Li Shenron
Legend
A character (not a ranger) has found some animal tracks and wants to try and determine information from them, including what type of creature made them, how many there are, and whether any are injured. What kind of check would you have them make?
1. Wisdom (Survival)
2. Wisdom (Perception)
3. Intelligence (Investigation)
4. Intelligence (Nature)
5. Some other combination, like Intelligence (Survival) or Wisdom (Investigation)?
"When you look around for clues and make deductions based on those clues, you make an Intelligence (Investigation) check."

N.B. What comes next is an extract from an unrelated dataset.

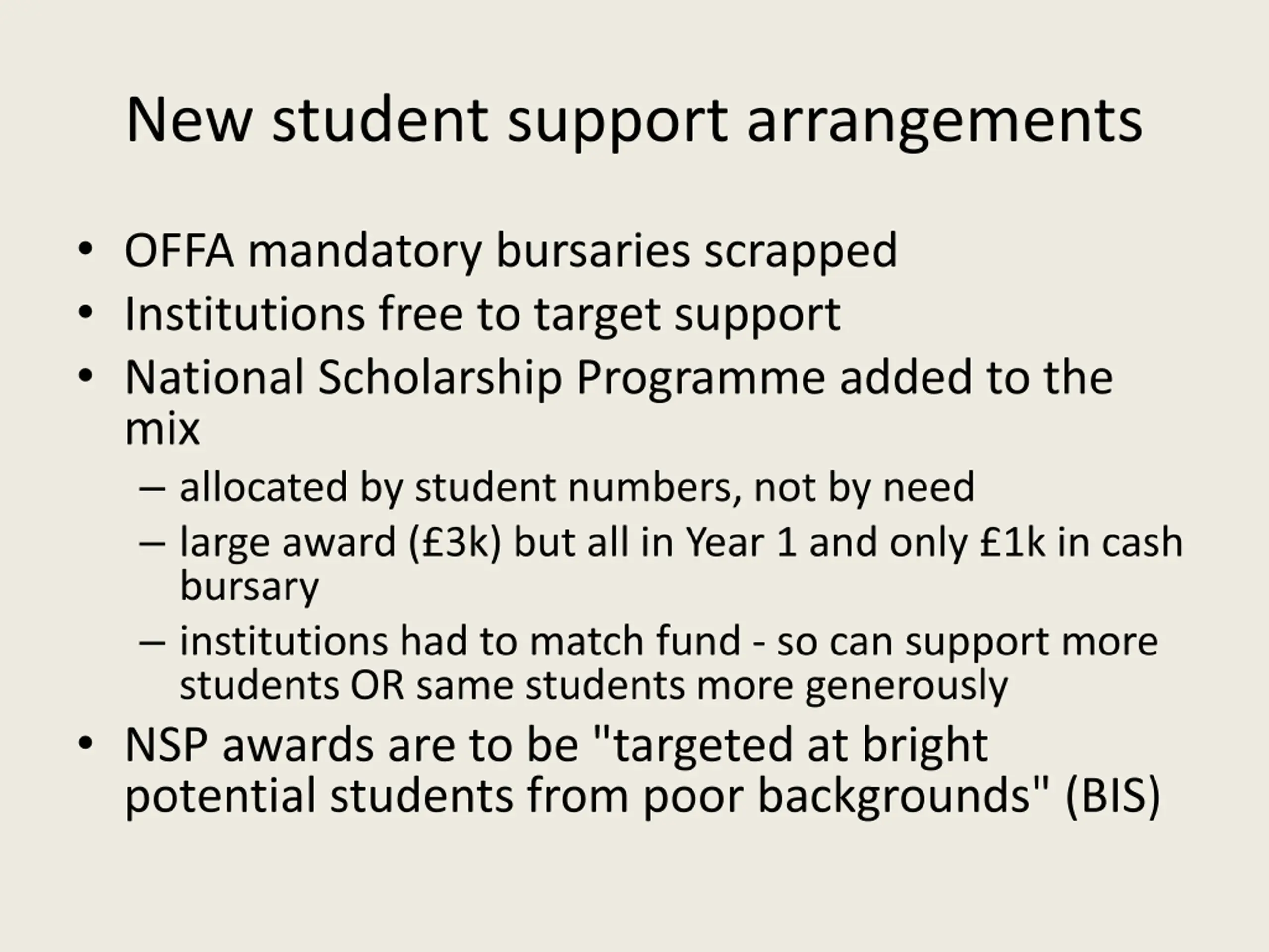 New student support arrangements OFFA mandatory bursaries scrapped Institutions free to target support National Scholarship Programme added to the mix allocated by student numbers, not by need large award ( 3k) but all in Year 1 and only 1k in cash bursary institutions had to match fund - so can support more students OR same students more generously NSP awards are to be "targeted at bright potential students from poor backgrounds" (BIS)

"Your Intelligence (Nature) check measures your ability to recall lore about terrain, plants and animals, the weather, and natural cycles."

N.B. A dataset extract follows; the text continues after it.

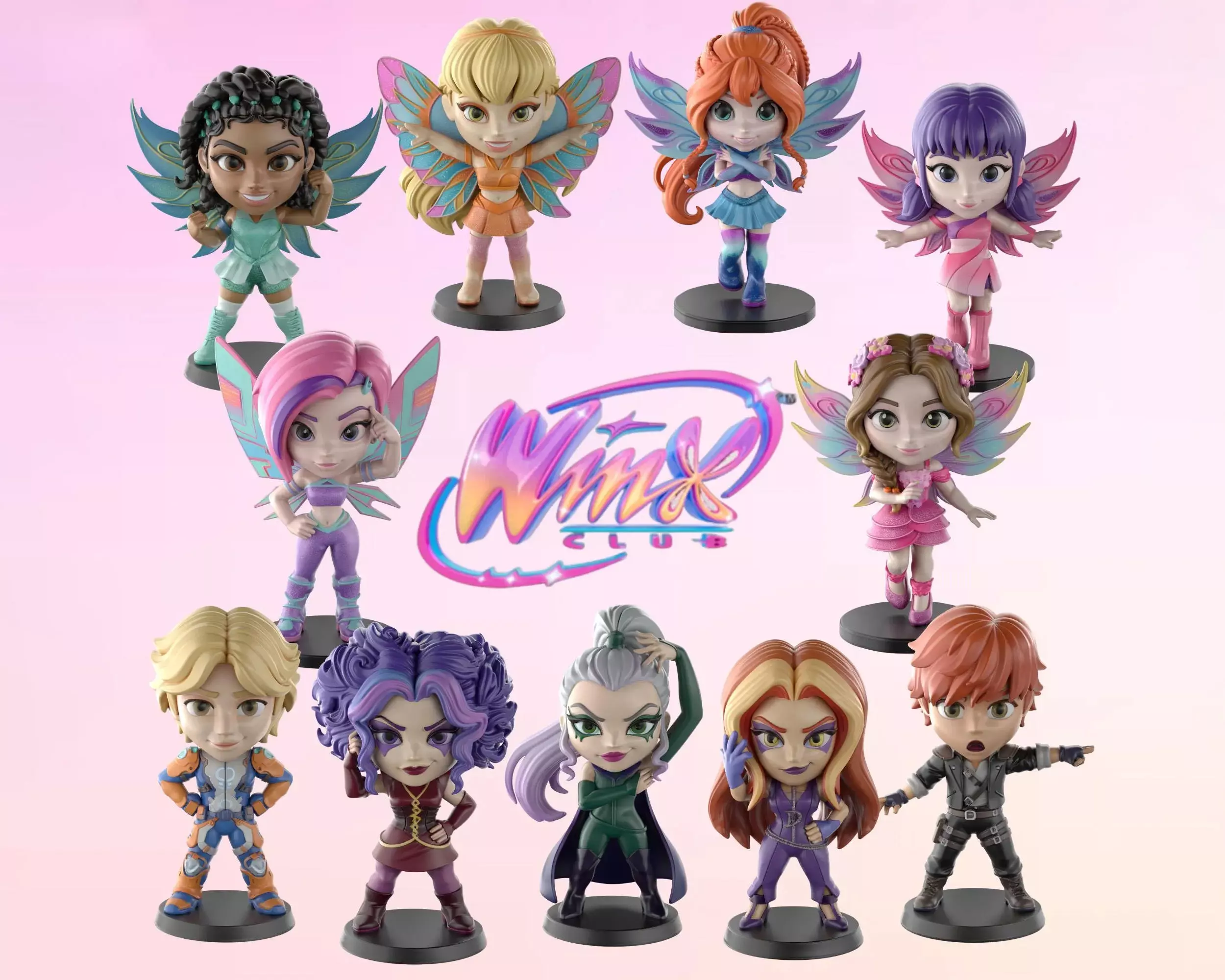 Bloom, Stella, Flora, Aisha, Techna, Musa, plus the Trix villains Icy, Darcy, and Stormy, along with Damien and Sky. Each one captures the character's magical personality in easy-to-print STL files perfect for fairy fans and collectors.

"The GM might ask you to make a Wisdom (Survival) check to follow tracks"
As usual, the 5e skill system is far from being compartmentalized, as there is overlapping everywhere.
In this case, I would certainly exclude generic Perception and use something more specific.
If you want to learn more details rather than just noticing things, I'd go with an Intelligence check (there is a general trend about preferring to use Wisdom when dealing with tasks that country/wilderness-dwellers are supposed to know best, as if they are supposedly low-Intelligence, which is frankly insulting).
Nature seems more appropriate for identifying the creature (track shapes is quite straightforward lore), but Investigation is for the rest. Survival specifically mentions tracking however.
Maybe with multiple bits of knowledge at stake, I would actually call for multiple rolls. You can of course just say the Ranger makes a Survival check and get done with it... how about you ask the Druid to know exactly which creatures with Knowledge (Nature), and the party's detective (whoever she is) to tell how many and in what conditions with Intelligence (Investigation), and the Ranger to follow the tracks with Survival (Wisdom)? Now you have a group effort where 3 players participate to and with at least 8 possible hard-combinations of the outcome.